Data for processing:
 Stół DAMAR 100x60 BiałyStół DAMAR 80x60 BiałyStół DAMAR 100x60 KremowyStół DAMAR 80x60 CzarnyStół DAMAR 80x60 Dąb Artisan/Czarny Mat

--

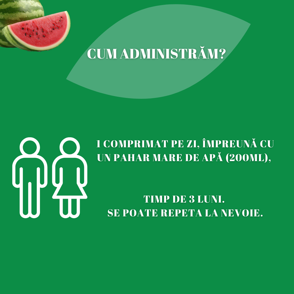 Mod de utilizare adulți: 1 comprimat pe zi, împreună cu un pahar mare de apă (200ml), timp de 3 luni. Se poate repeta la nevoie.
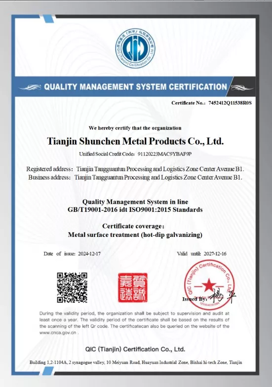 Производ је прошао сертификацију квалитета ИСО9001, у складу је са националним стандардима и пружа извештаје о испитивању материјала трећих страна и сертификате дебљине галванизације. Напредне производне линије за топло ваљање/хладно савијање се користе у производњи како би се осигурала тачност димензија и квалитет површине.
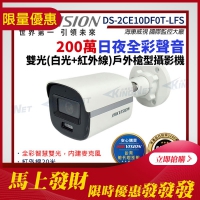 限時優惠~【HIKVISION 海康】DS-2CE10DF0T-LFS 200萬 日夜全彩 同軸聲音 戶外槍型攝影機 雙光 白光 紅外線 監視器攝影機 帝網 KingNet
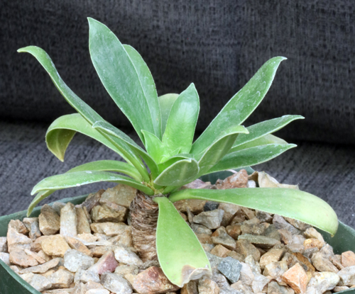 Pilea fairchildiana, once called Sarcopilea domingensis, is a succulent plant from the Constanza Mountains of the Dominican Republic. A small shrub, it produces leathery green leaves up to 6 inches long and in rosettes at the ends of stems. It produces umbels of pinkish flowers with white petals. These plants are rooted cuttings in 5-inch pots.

==

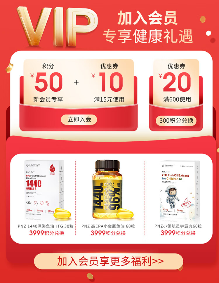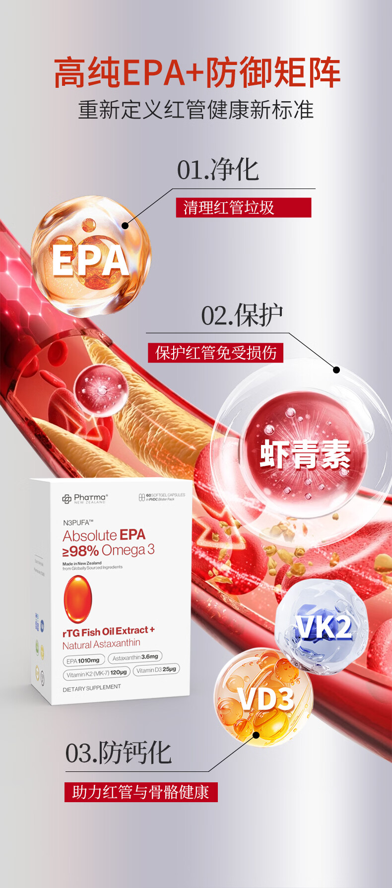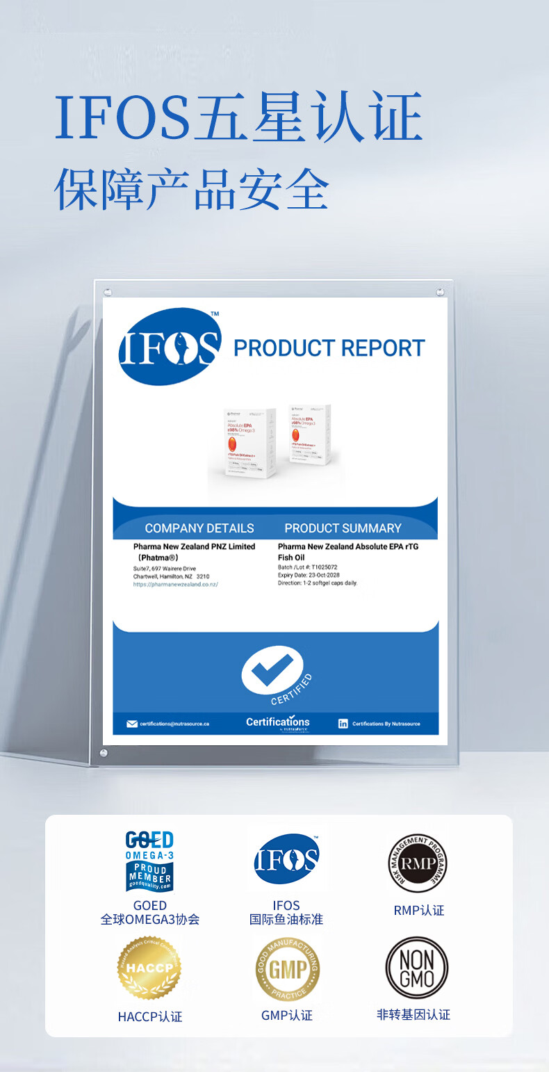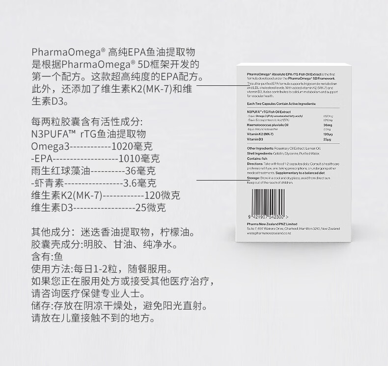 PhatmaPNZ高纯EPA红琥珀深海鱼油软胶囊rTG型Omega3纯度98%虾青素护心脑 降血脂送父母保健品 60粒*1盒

Task to carry out:
Above are the records. Copy word for word only their lines from the one holding "Mod de utilizare" through the one holding "Pilea fairchildiana, once", both included, and skip the images.

Your solution:
 Mod de utilizare adulți: 1 comprimat pe zi, împreună cu un pahar mare de apă (200ml), timp de 3 luni. Se poate repeta la nevoie.
 Производ је прошао сертификацију квалитета ИСО9001, у складу је са националним стандардима и пружа извештаје о испитивању материјала трећих страна и сертификате дебљине галванизације. Напредне производне линије за топло ваљање/хладно савијање се користе у производњи како би се осигурала тачност димензија и квалитет површине.
 限時優惠~【HIKVISION 海康】DS-2CE10DF0T-LFS 200萬 日夜全彩 同軸聲音 戶外槍型攝影機 雙光 白光 紅外線 監視器攝影機 帝網 KingNet
 Pilea fairchildiana, once called Sarcopilea domingensis, is a succulent plant from the Constanza Mountains of the Dominican Republic. A small shrub, it produces leathery green leaves up to 6 inches long and in rosettes at the ends of stems. It produces umbels of pinkish flowers with white petals. These plants are rooted cuttings in 5-inch pots.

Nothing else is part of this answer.